EXERCISE DESCRIPTION: Nothing but the exact text of the entries should appear in your answer; pictures stay out.

Source records:
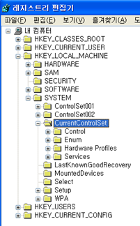 SYSTEM에서 또 한가지 중요하게 살펴볼 것이 있는데 바로 CurrentControlSet 키 이다.
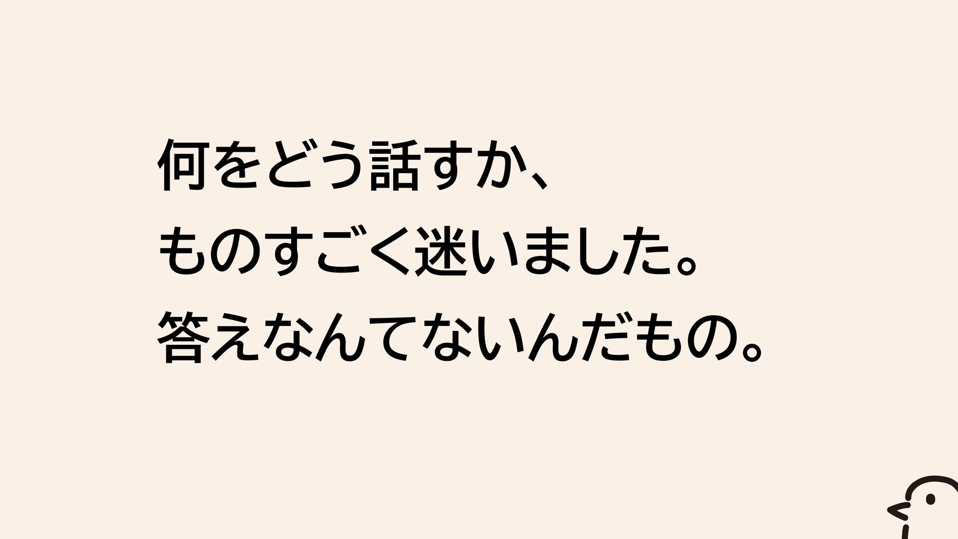 何をどう話すか、 ものすごく迷いました。 答えなんてないんだもの。
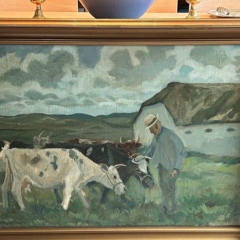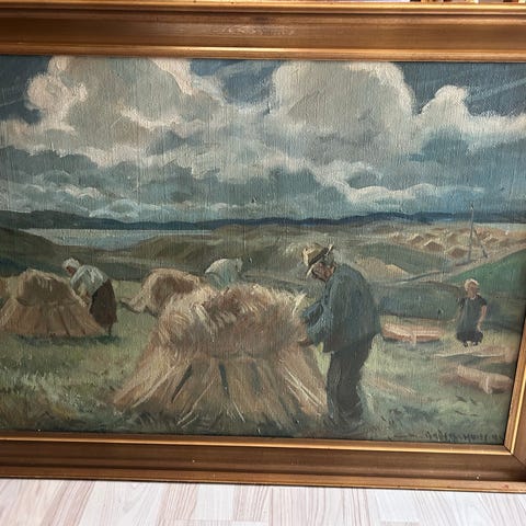 Oliemaleri, stil: Modernisme, b: 65 h: 45, Anders Hune. Køerne føres på marken. Olie på lærred. Signeret Anders Hune. Charlottenborg, Forår. 1926-35, Nordjysk Udstilling, Aalborg 1933, Kunst- og Erhvervsudsilling, ,Aarhus 1938-39, Jyderne, samme sted 1939-42, Nordjyderne, Aalborg 1947- 50, Vrå-udstillingen 1952, Jylland, Göteborg 1963, Aalborg-malere 1978. Separatudstillinger: Aarhus Kunstforening 1949, Ålborg Kunstforeing. 1949, 195,; Den frie Udstillings Bygning 1954, 1959, Billedsamlingen i Frejlev 1962.
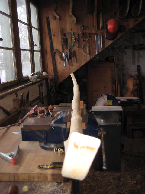 ...auch weitergemacht.Vorgestern die Biegeformen abgenommen.Nach 5 Tagen im Keller (warm/trocken) Hat das Saftfrische Teil schon merklich an Gewicht verloren.Nun steht er in der Wohnung und wiegt nun 815 Gramm.
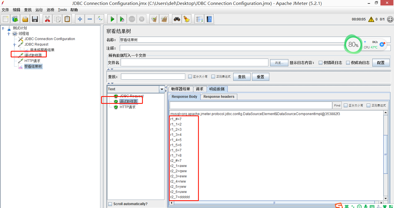 当Variable Names设置为rs1,,rs3,添加Debug Sampler,查看结果为,结果集中仅包含了第一列和第三列所有行的数据
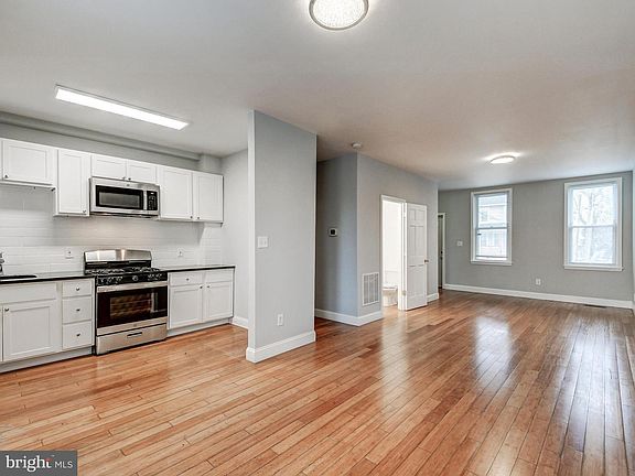 Beautifully Updated Brick Front Rowhome with Large Front Porch, Spacious Living Room Leads to Light and Bright Kitchen with Brand New Cabinets, Brand New Granite Countertops and Brand New Stainless Steel Appliances and Delight In The Huge Pantry! Gleaming Hardwoods Throughout Main and Upper Level. Upper Level Boasts 3 Bedrooms and Full Bath with Dual Vanity and Tub Shower. Full Lower Level with Rear Entrance to Huge Yard and Storage Galore! On Top Of All This You Will Also Enjoy Your Very Own Off Street Parking Pad! A Must See!
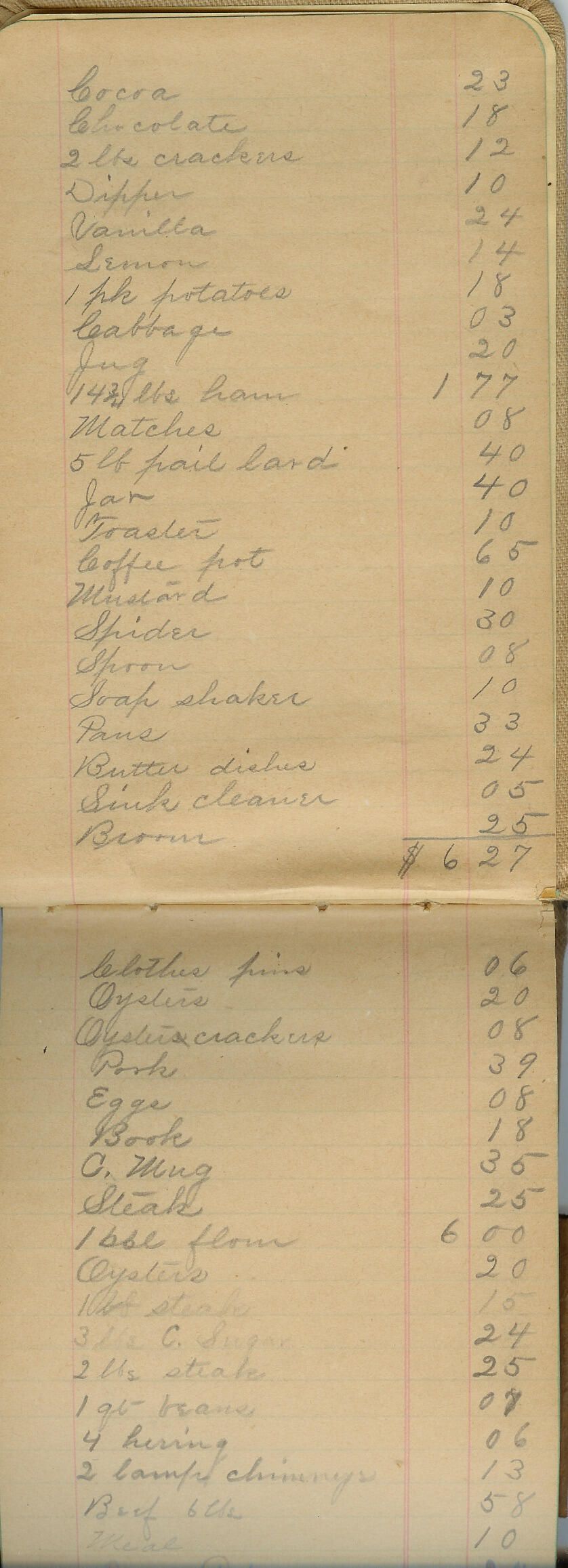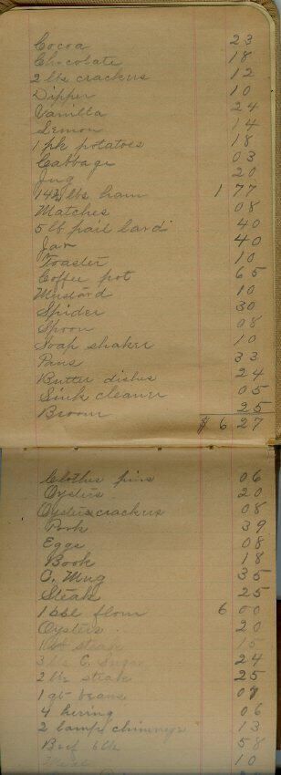 Account book owned by Blanche Hosmer of Camden, Maine in which she kept an accounting of money spent for groceries and household supplies.
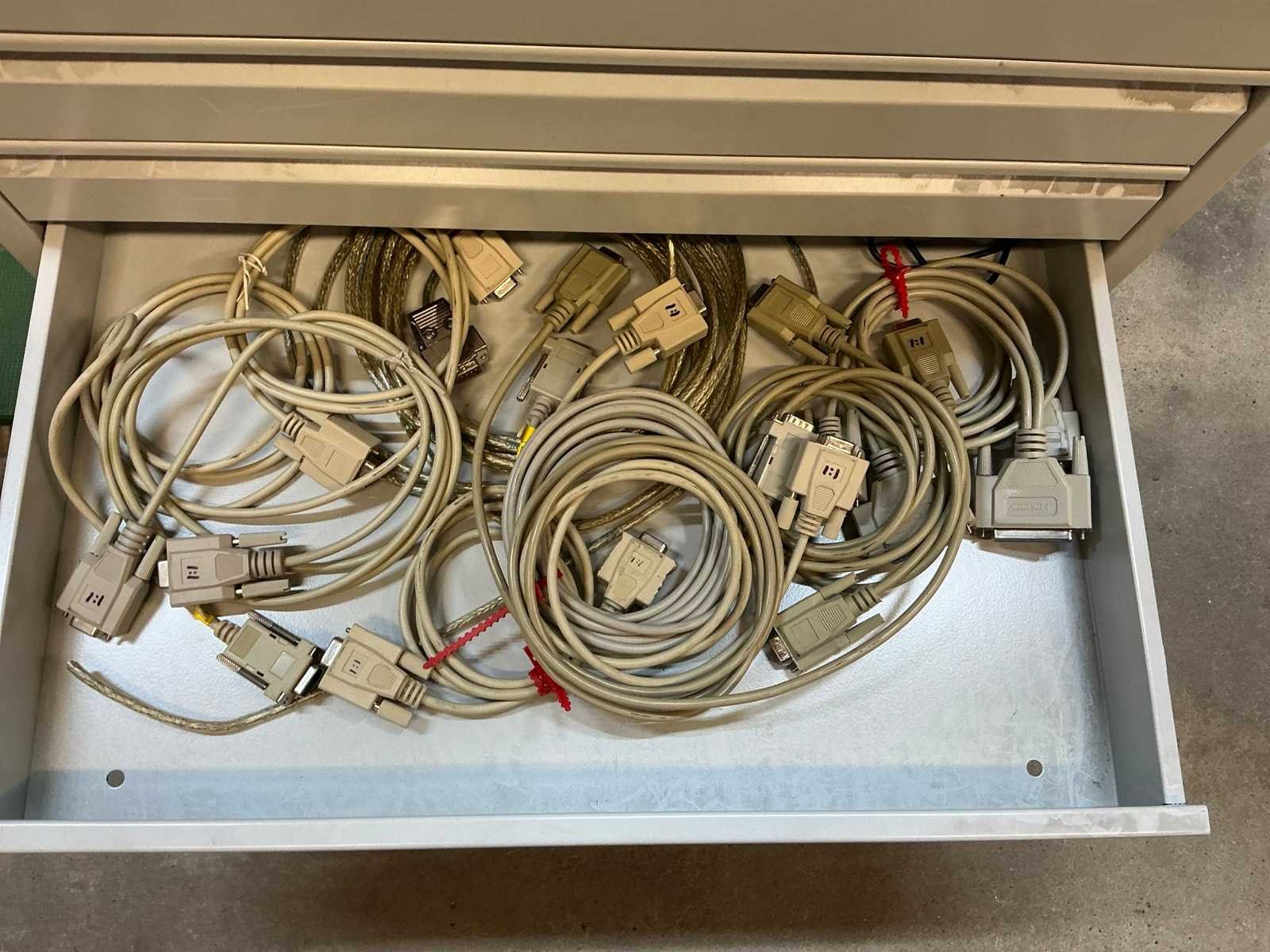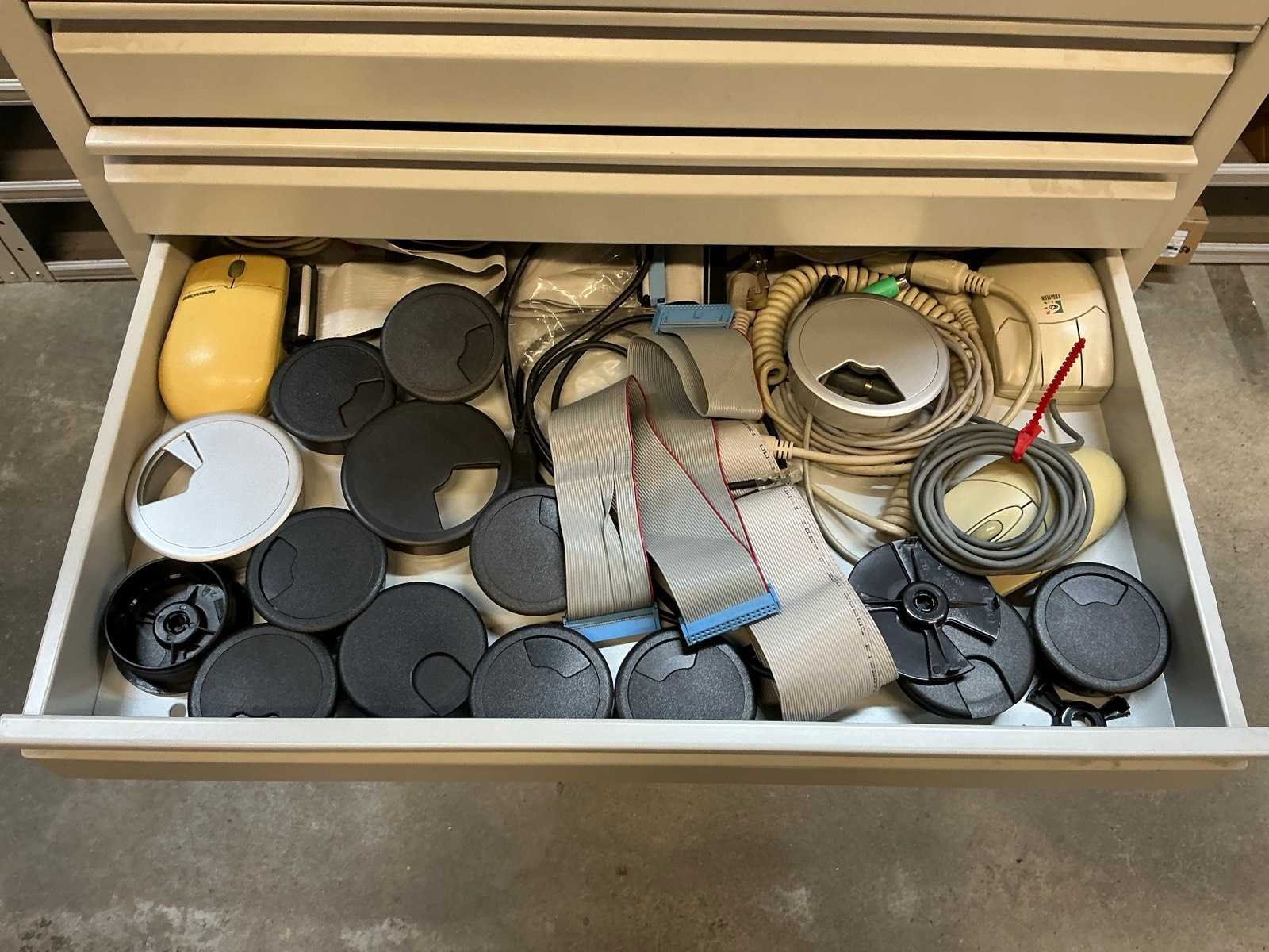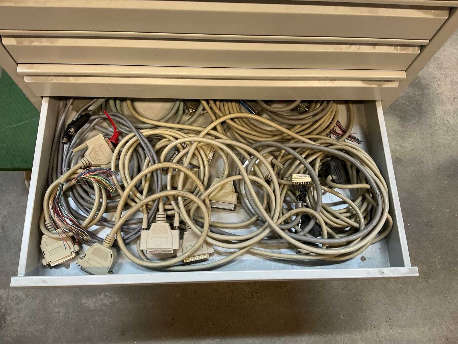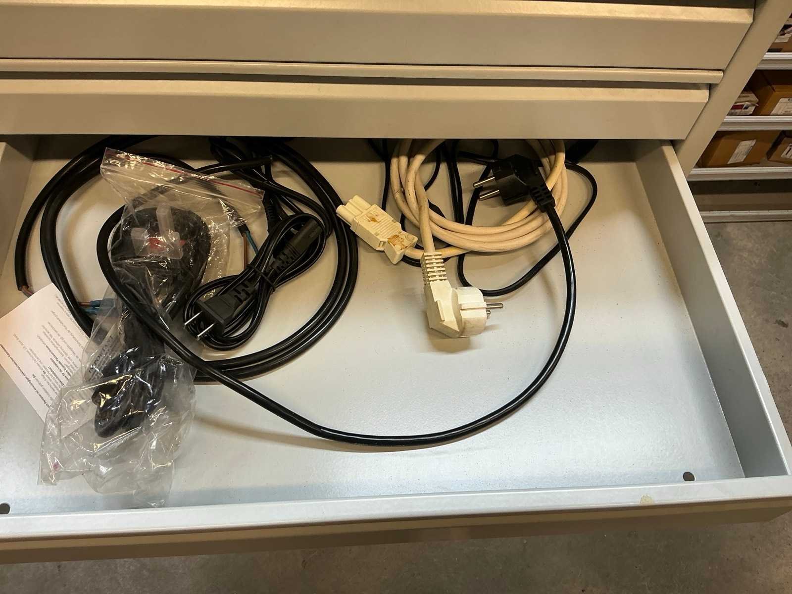Stalen ladenkast met kabels

PROBLEM SOLUTION:
 SYSTEM에서 또 한가지 중요하게 살펴볼 것이 있는데 바로 CurrentControlSet 키 이다.
 何をどう話すか、 ものすごく迷いました。 答えなんてないんだもの。
 Oliemaleri, stil: Modernisme, b: 65 h: 45, Anders Hune. Køerne føres på marken. Olie på lærred. Signeret Anders Hune. Charlottenborg, Forår. 1926-35, Nordjysk Udstilling, Aalborg 1933, Kunst- og Erhvervsudsilling, ,Aarhus 1938-39, Jyderne, samme sted 1939-42, Nordjyderne, Aalborg 1947- 50, Vrå-udstillingen 1952, Jylland, Göteborg 1963, Aalborg-malere 1978. Separatudstillinger: Aarhus Kunstforening 1949, Ålborg Kunstforeing. 1949, 195,; Den frie Udstillings Bygning 1954, 1959, Billedsamlingen i Frejlev 1962.
 ...auch weitergemacht.Vorgestern die Biegeformen abgenommen.Nach 5 Tagen im Keller (warm/trocken) Hat das Saftfrische Teil schon merklich an Gewicht verloren.Nun steht er in der Wohnung und wiegt nun 815 Gramm.
 当Variable Names设置为rs1,,rs3,添加Debug Sampler,查看结果为,结果集中仅包含了第一列和第三列所有行的数据
 Beautifully Updated Brick Front Rowhome with Large Front Porch, Spacious Living Room Leads to Light and Bright Kitchen with Brand New Cabinets, Brand New Granite Countertops and Brand New Stainless Steel Appliances and Delight In The Huge Pantry! Gleaming Hardwoods Throughout Main and Upper Level. Upper Level Boasts 3 Bedrooms and Full Bath with Dual Vanity and Tub Shower. Full Lower Level with Rear Entrance to Huge Yard and Storage Galore! On Top Of All This You Will Also Enjoy Your Very Own Off Street Parking Pad! A Must See!
 Account book owned by Blanche Hosmer of Camden, Maine in which she kept an accounting of money spent for groceries and household supplies.
Stalen ladenkast met kabels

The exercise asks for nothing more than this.